Hintergrund ist vor allem die weltweite Verfügbarkeit dieser Patrone. In nahezu jedem Einsatzgebiet befindet sie sich in Nutzung. Könnten man diese Munition möglichst in den eigenen Standardwaffen verwenden, ließen sich zum einen etwaige Engpässe bei der Munitionsversorgung umgehen, zum anderen wäre man kompatibel mit Partnernationen, die diese Munitionssorte als Standard hätten, und schließlich könnte man die Anwesenheit in Entlegenen Einsatzgebieten verschleiern, da keine verräterischen Hülsen in anderen Kalibern herumlägen.

In allen Anwendungsfällen könnten die zumeist zu Spezialkräften zählenden Soldaten dabei idealerweise ihre gewohnten Handwaffen-Drills beibehalten. Dies wäre bei einer Fremd- oder Sonderwaffenlösung nicht der Fall. Davon unabhängig handelt es sich bei der Kurzpatrone M43 – nach heutiger Lesart ein „Mittelkaliber“ – durchaus um eine interessante Laborierung, die einen gelungenen Kompromiss aus Reichweite, Wirkung, Gewicht und Rückstoßverhalten bietet.

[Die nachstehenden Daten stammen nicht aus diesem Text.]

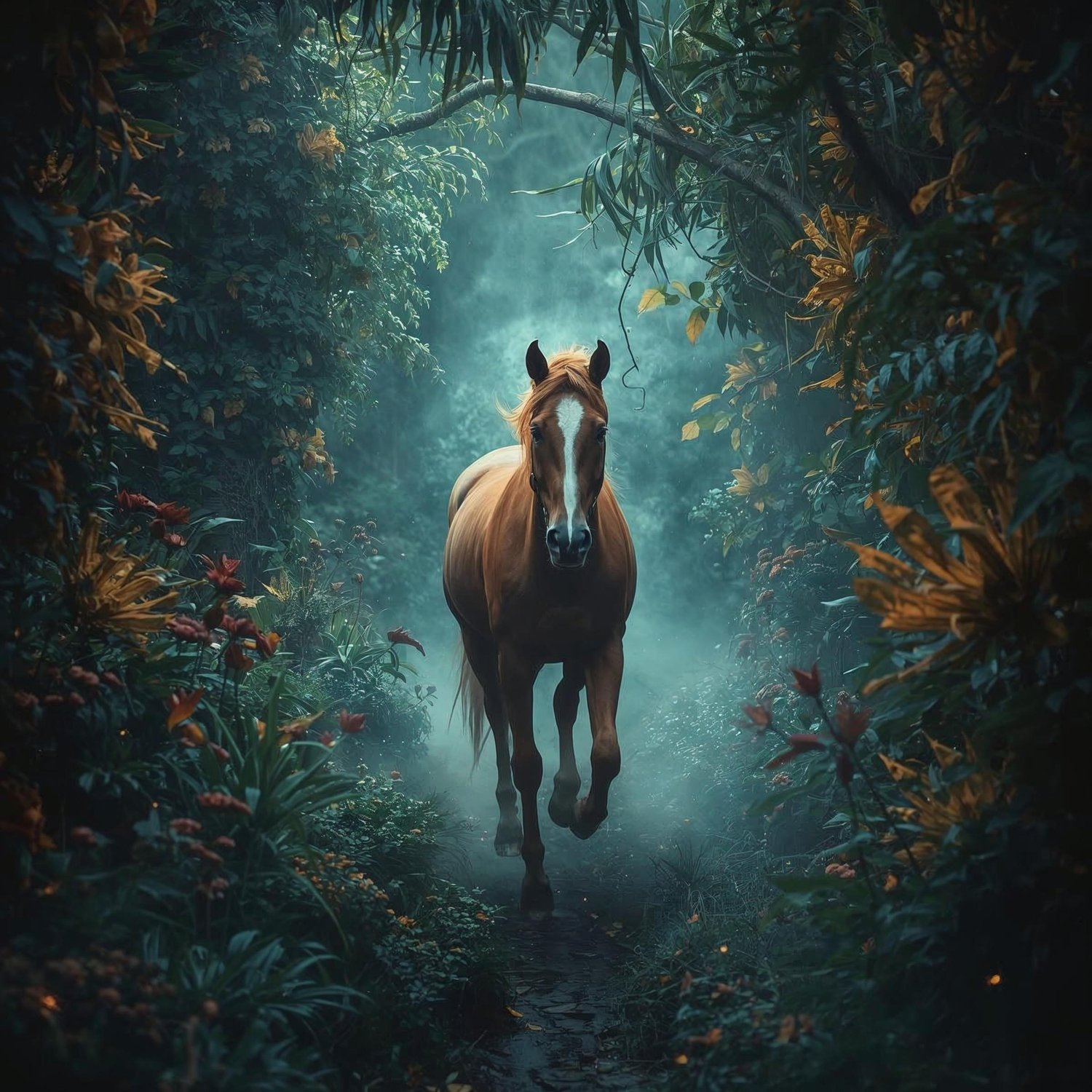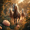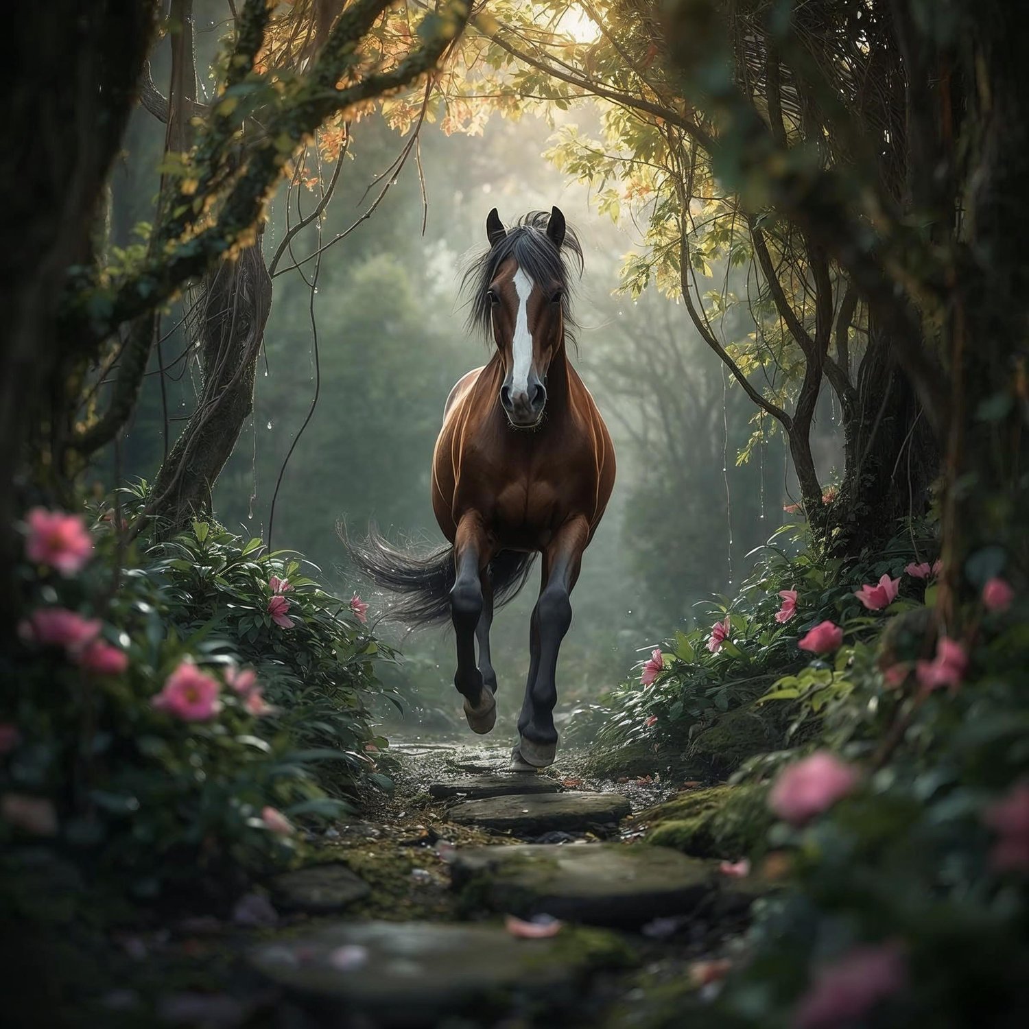 These images of horses running in a garden capture the raw beauty, grace, and energy of these majestic animals in a serene natural setting. Each photograph showcases the powerful movement of the horses, with flowing manes and strong, muscular forms in motion, highlighting their elegance and strength. The lush greenery of the garden provides a vibrant and peaceful backdrop, contrasting perfectly with the dynamic energy of the horses. Soft sunlight filtering through trees adds warmth and depth, enhancing the textures of the horses’ coats and the surrounding foliage. These images evoke a sense of freedom, vitality, and harmony with nature, portraying the horses as symbols of strength, spirit, and beauty. Perfect for wildlife, nature, or equestrian-themed photography, the images celebrate the connection between animals and their environment, capturing fleeting moments of speed, grace, and natural splendor that leave a lasting impression on the viewer.
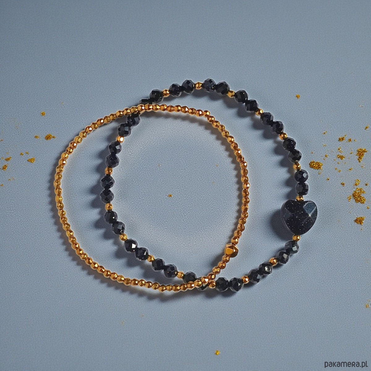 Bransoletki na solidnej lince elastycznej, wykonane z fasetowanych kul nocy kairu ok. 4mm oraz fasetowanych kuleczek (niecałe 2mm!) i ze złotego hematytu i fasetowanego serca z nocy kairu.
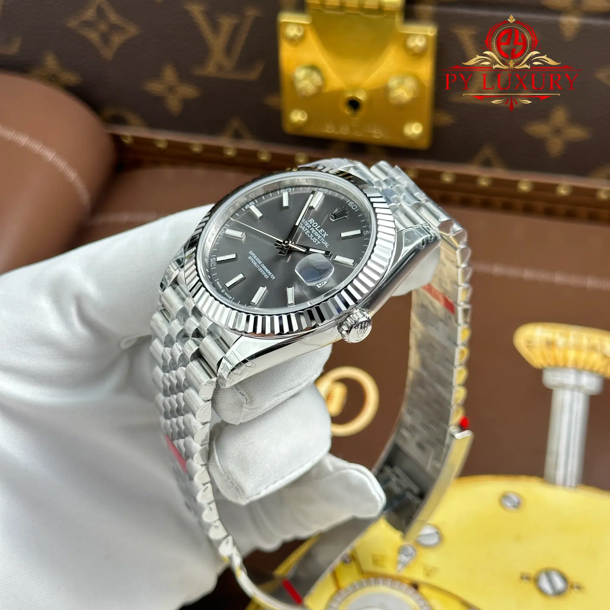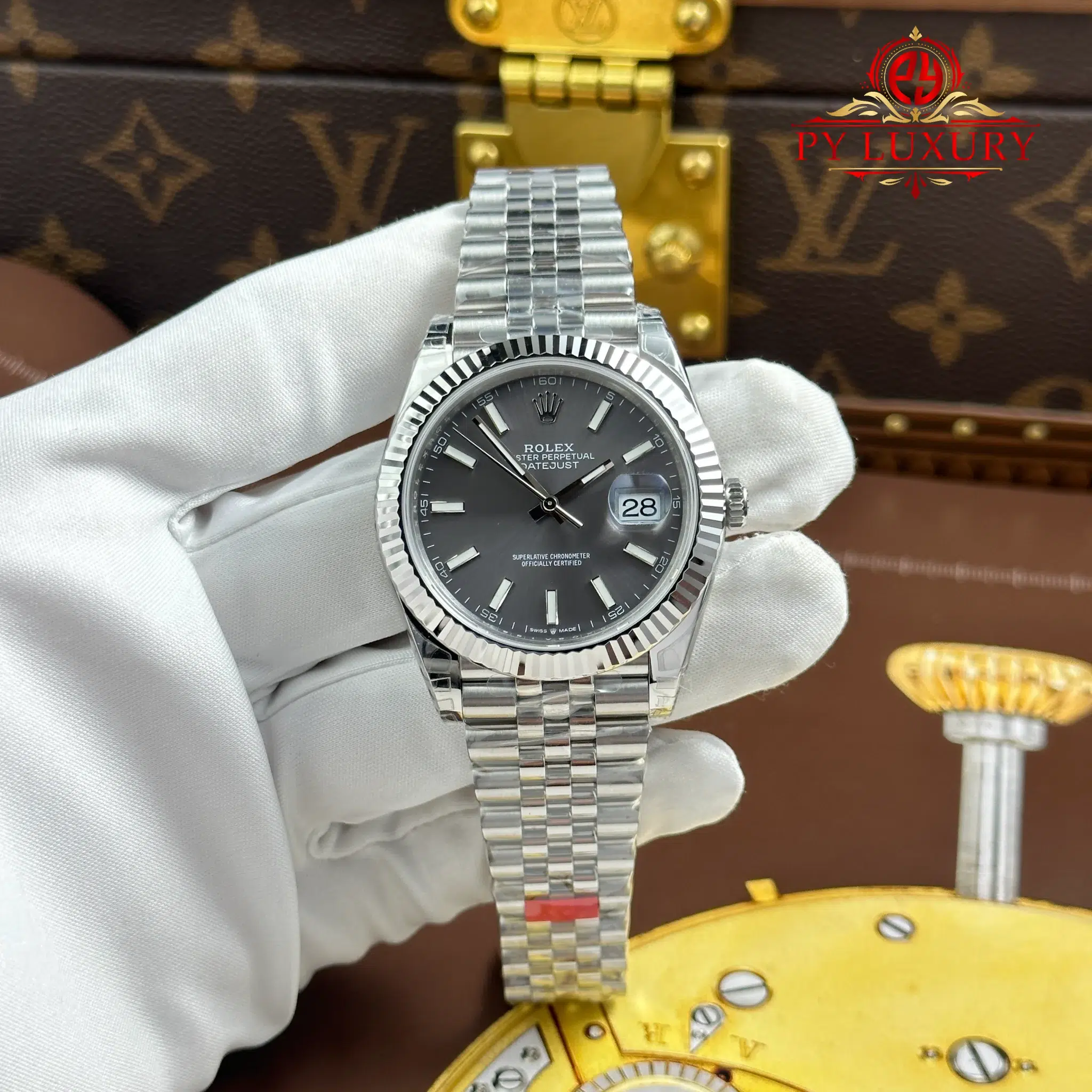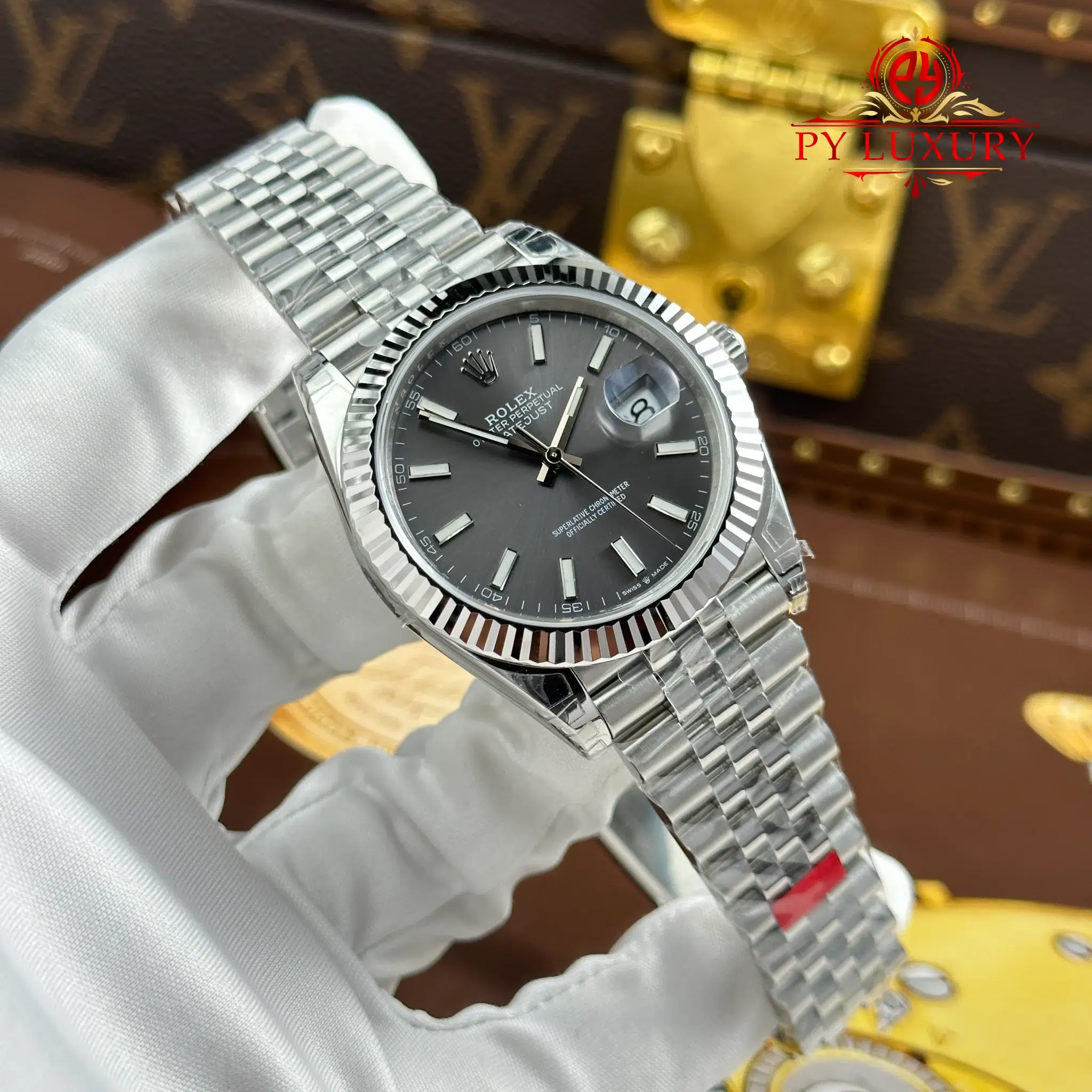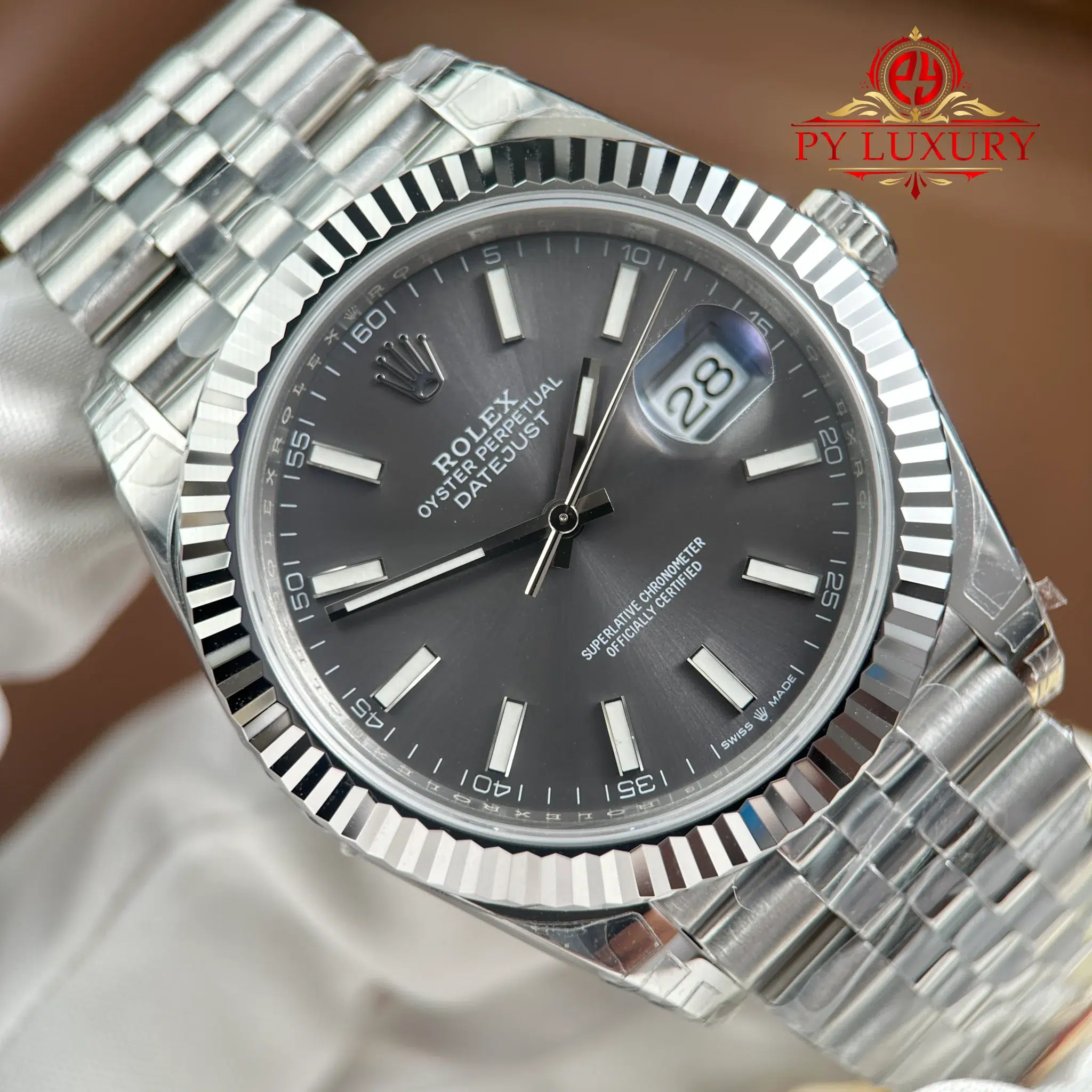 Đồng Hồ Rolex Datejust Mặt Số Xám Cọc Số Dạ Quang Dây Jubilee Replica 1:1 VSF 41mm

Einen aktuellen Ansatz zur Nutzung der M43 aus westlichen Waffen hat das US-Spezialkräftekommando USSOCOM auf den Weg gebracht. Das USSOCOM beabsichtigt, für die derzeit im Zulauf befindlichen Personal Defence Weapons SIG MCX Rattler Umrüstkits zu beschaffen. Diese sollen die Waffen in die Lage versetzen, neben 5,56 mm x 45 und 7,62mm x 35 (.300 BLK) auch die Munition im Kaliber 7,62 mm x 39 verschießen zu können. Eine entsprechende Ausschreibung wurde am 28. Oktober 2022 veröffentlicht.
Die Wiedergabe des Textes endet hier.